Liam: Ele não vai acabar com mais ninguém, eu não vou deixar isso acontecer. Nós vamos voltar inteiros, e vamos dar um jeito de tirar esse sangue ruim de você. -eles ficaram a se encarar, sem saber o que um queria ouvir do outro. Ouviram uma buzina vindo de fora chamando Liam e ele deu uma ultima olhada em Victoria sentada no chão sujo da caverna, com os cabelos sem brilho, o rosto sem vida e com um brilho de doença, ela parecia tão pequena pela primeira vez, tão desprotegida. Mas então ela o encarou com frieza, e Liam saiu do "transe", levantando a cabeça e se virando para sair da caverna. Foi quando ouviu um barulho de tropeço atrás de si, e quando virou para olhar, Victoria estava de pé o encarando. Ele a olhou e ela veio caminhando rapidamente até ele e o abraçou. Liam surpreso, a apertou contra seu corpo. Victoria apertou suas mãos em volta dele, imaginando que aquela seria a ultima vez que se veriam. Parecia insuportável ficar com ele...e sem ele. 
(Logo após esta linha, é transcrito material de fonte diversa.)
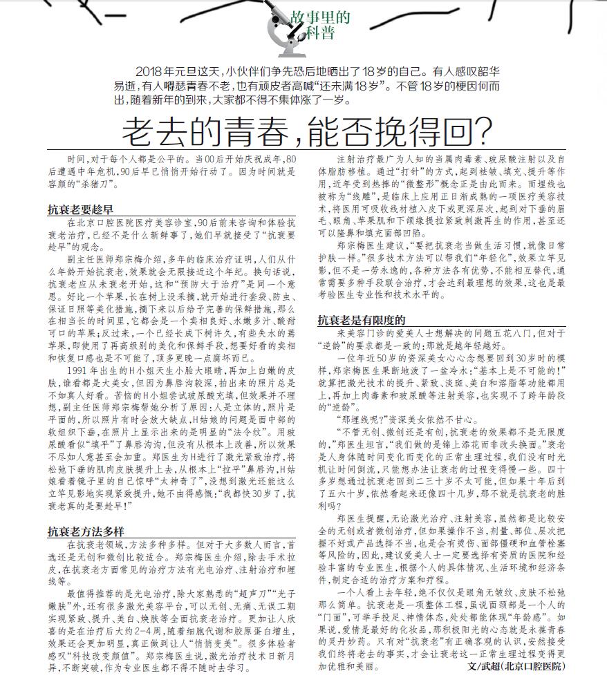 【北京青年报】老去的青春,能否挽得回?(2018年1月26日 B11版 健康守望)
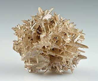 Cerussite crystallizes in the orthorhombic crystal system and is isomorphous with aragonite. Like aragonite it is very frequently twinned, the compound crystals being pseudo-hexagonal in form. Three crystals are usually twinned together on two faces of the prism, producing six-rayed stellate groups with the individual crystals intercrossing at angles of nearly 60°. Crystals are of frequent occurrence and they usually have very bright and smooth faces. The mineral also occurs in compact granular masses, and sometimes in fibrous forms. The mineral is usually colorless or white, sometimes grey or greenish in tint and varies from transparent to translucent with an adamantine lustre. It is very brittle, and has a conchoidal fracture. It has a Mohs hardness of 3 to 3.75 and a specific gravity of 6.5. A variety containing 7% of zinc carbonate, replacing lead carbonate, is known as iglesiasite, from Iglesias in Sardinia, where it is found.[5]

Num ato silencioso, ela fechou os olhos encostando sua cabeça na nuca de Liam. Ele gostava quando ela respirava ali, de como o fazia sentir arrepios. As coisas mudavam tão rápido. Imaginou como se aquela cena tivesse durado o tempo que eles viveram. Ele só não queria que ela tivesse medo de solta-lo como ele tinha medo de soltar ela. Mas quando conseguiu, não conseguiu olha-la, e saiu dali rapidamente. Victoria estava com as mãos ao vento, como se em um segundo ele estivesse em seus braços e em outro não. Ouviu o barulho do carro indo embora e de repente o sol já havia terminado de se por lá fora. Olhou em volta, as rochas a cercavam, até parece que aquilo a manteria segura. Se qualquer vampiro quisesse entrar, entraria. A questão era que Liam não aguentaria que ela morresse em sua frente. Victoria se sentiu pequena naquele lugar, haviam ecos, pequenos animais e insetos em todos os cantos. Ela percebeu o quanto estava suja, suas roupas finas poderiam se rasgar a qualquer momento. Victoria sentou-se no chão, entre algumas pedras e puxou a caixa deixada por Hope ao seu lado. Tirou de dentro dela, um lampião com uma vela acesa dentro, colocou em cima da pedra e continuou a olhar a caixa. Ali haviam fotos, objetos, e até um pano de bebê. 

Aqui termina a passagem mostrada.